*** Opening of Provided data ***
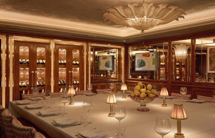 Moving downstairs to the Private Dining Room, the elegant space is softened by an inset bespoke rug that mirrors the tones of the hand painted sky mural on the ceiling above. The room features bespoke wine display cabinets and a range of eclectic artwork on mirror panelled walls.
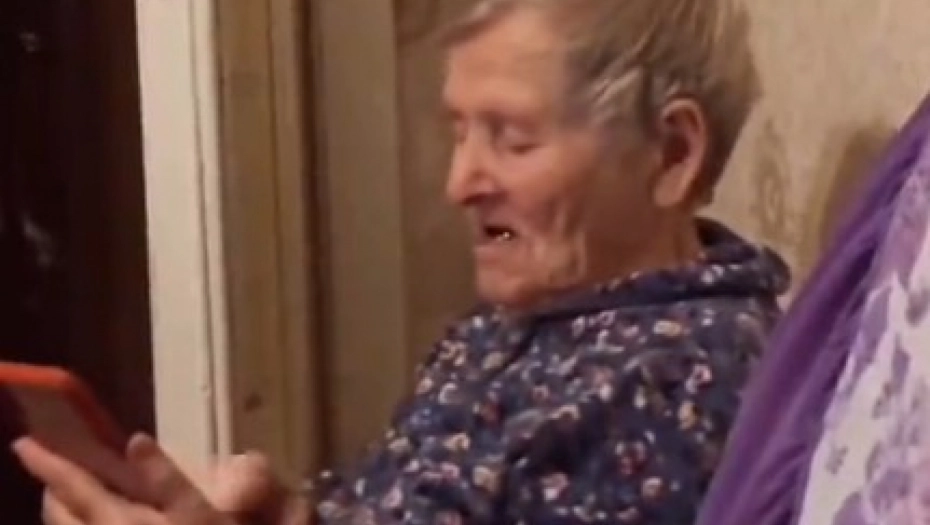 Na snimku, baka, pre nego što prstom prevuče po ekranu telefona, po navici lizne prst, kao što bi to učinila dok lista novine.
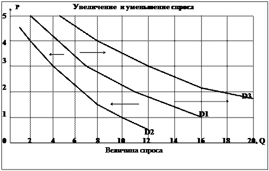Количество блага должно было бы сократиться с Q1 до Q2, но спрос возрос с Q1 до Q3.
*** Close of Provided data ***
### Goal of the exercise:
Quote the material exactly. Pictures stay out.

### Result for this exercise:
 Moving downstairs to the Private Dining Room, the elegant space is softened by an inset bespoke rug that mirrors the tones of the hand painted sky mural on the ceiling above. The room features bespoke wine display cabinets and a range of eclectic artwork on mirror panelled walls.
 Na snimku, baka, pre nego što prstom prevuče po ekranu telefona, po navici lizne prst, kao što bi to učinila dok lista novine.
Количество блага должно было бы сократиться с Q1 до Q2, но спрос возрос с Q1 до Q3.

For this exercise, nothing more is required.